• **Stored records**
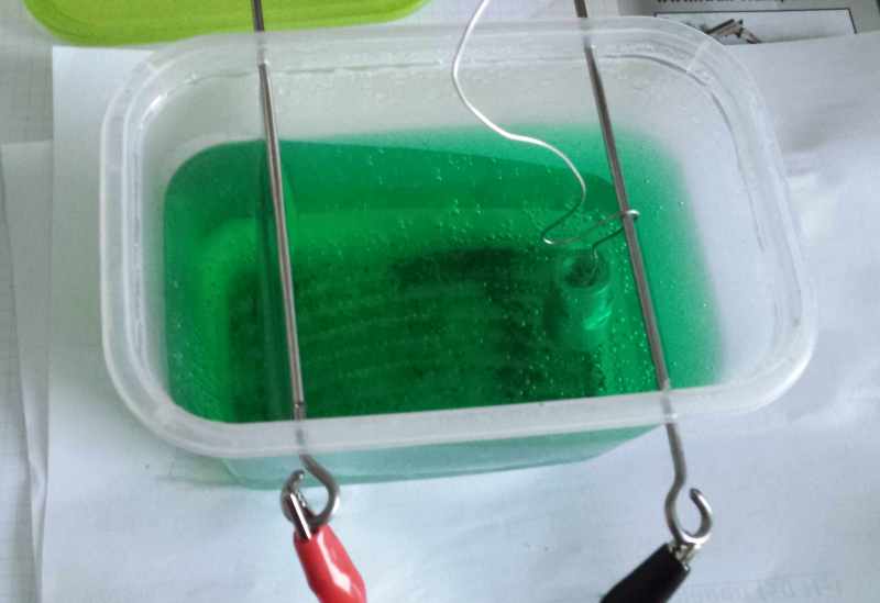 4. Du lässt das Bad rund 24 Stunden vor sich hin blubbern (Durch die Elektrolyse entsteht eine grüne Nickelacetat Lösung,es entsteht Gas). Am besten immer mal umpolen. DIe Nickelplatten werden so gleichmäßiger zersetzt.
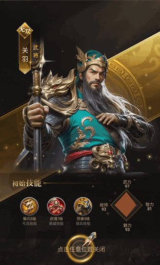 3、新手们获得的第一名武将都是关羽,是不是很帅。
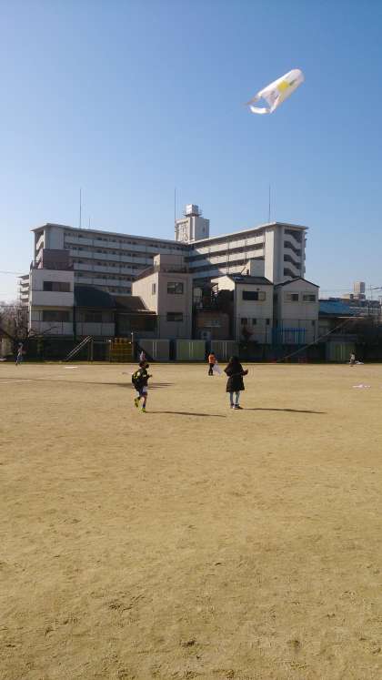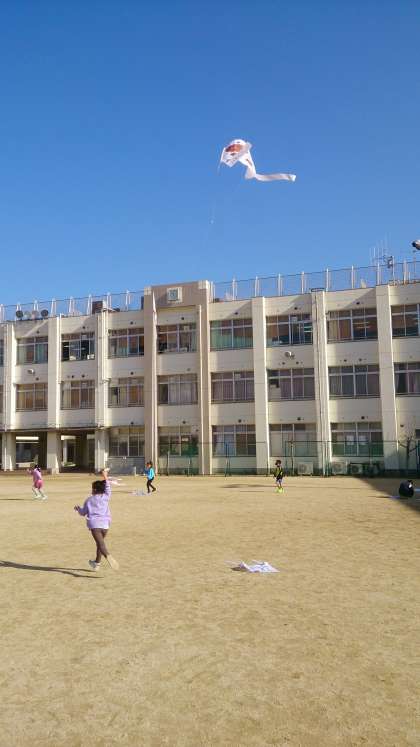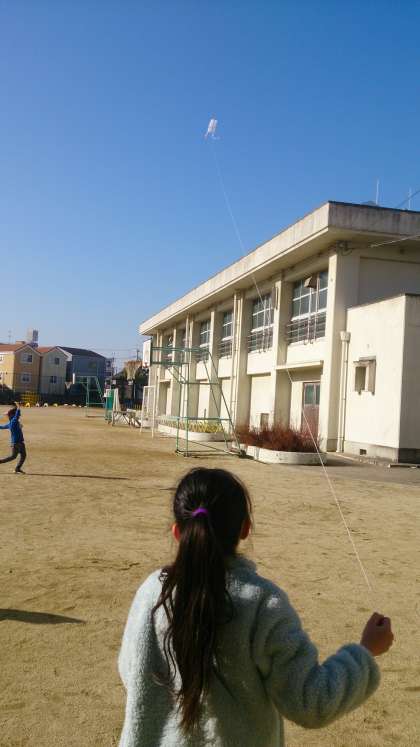 凧を作りました。澄み切った青空に、子どもたちの凧が高く舞い上がっています。
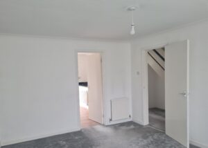 Lounge: White walls and new grey carpet. Doors leading to dining area and hall. Phone sockets and Virgin media box.
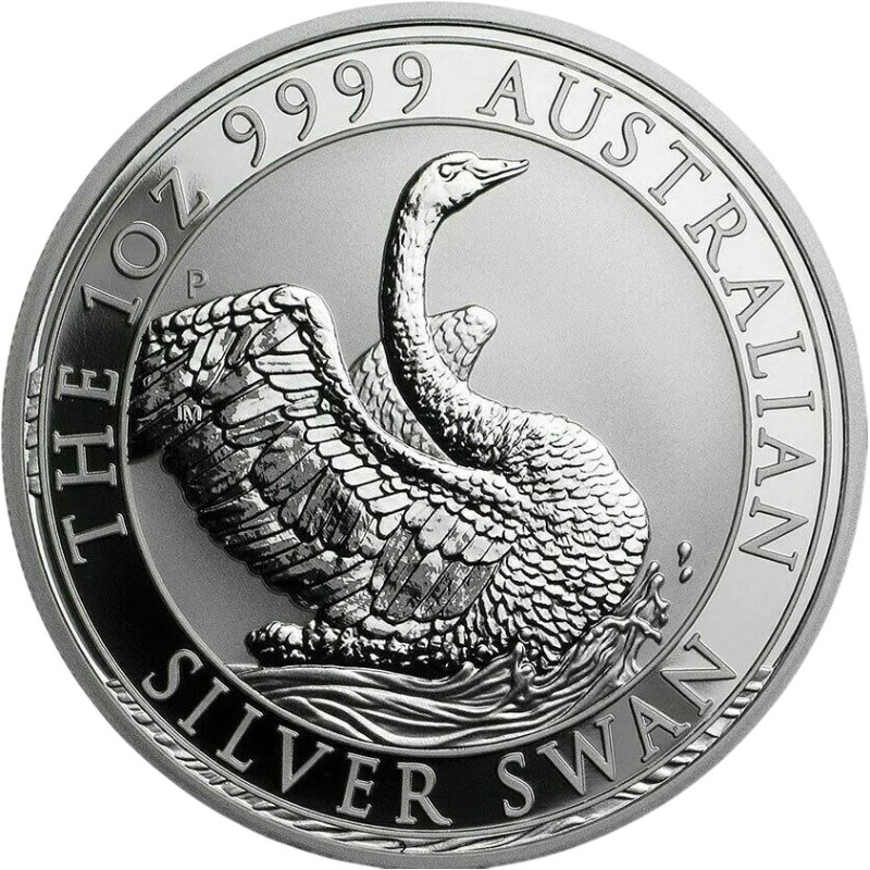 На реверсе монеты изображение лебедя дизайнера Дженнифер МакКенна (JМ), приземляющегося на воду с распростертыми крыльями. Слева около крыла монограмма Пертского монетного двора — P. Вверху вдоль канта надписи: THE 1OZ 9999 AUSTRALIAN SILVER SWAN (вес и проба серебра, серия).

• **WHAT YOU ARE ASKED TO DO**
Would you transcribe all of the data exactly, apart from its pictures?

• **OUTPUT OF THE TASK**
 4. Du lässt das Bad rund 24 Stunden vor sich hin blubbern (Durch die Elektrolyse entsteht eine grüne Nickelacetat Lösung,es entsteht Gas). Am besten immer mal umpolen. DIe Nickelplatten werden so gleichmäßiger zersetzt.
 3、新手们获得的第一名武将都是关羽,是不是很帅。
 凧を作りました。澄み切った青空に、子どもたちの凧が高く舞い上がっています。
 Lounge: White walls and new grey carpet. Doors leading to dining area and hall. Phone sockets and Virgin media box.
 На реверсе монеты изображение лебедя дизайнера Дженнифер МакКенна (JМ), приземляющегося на воду с распростертыми крыльями. Слева около крыла монограмма Пертского монетного двора — P. Вверху вдоль канта надписи: THE 1OZ 9999 AUSTRALIAN SILVER SWAN (вес и проба серебра, серия).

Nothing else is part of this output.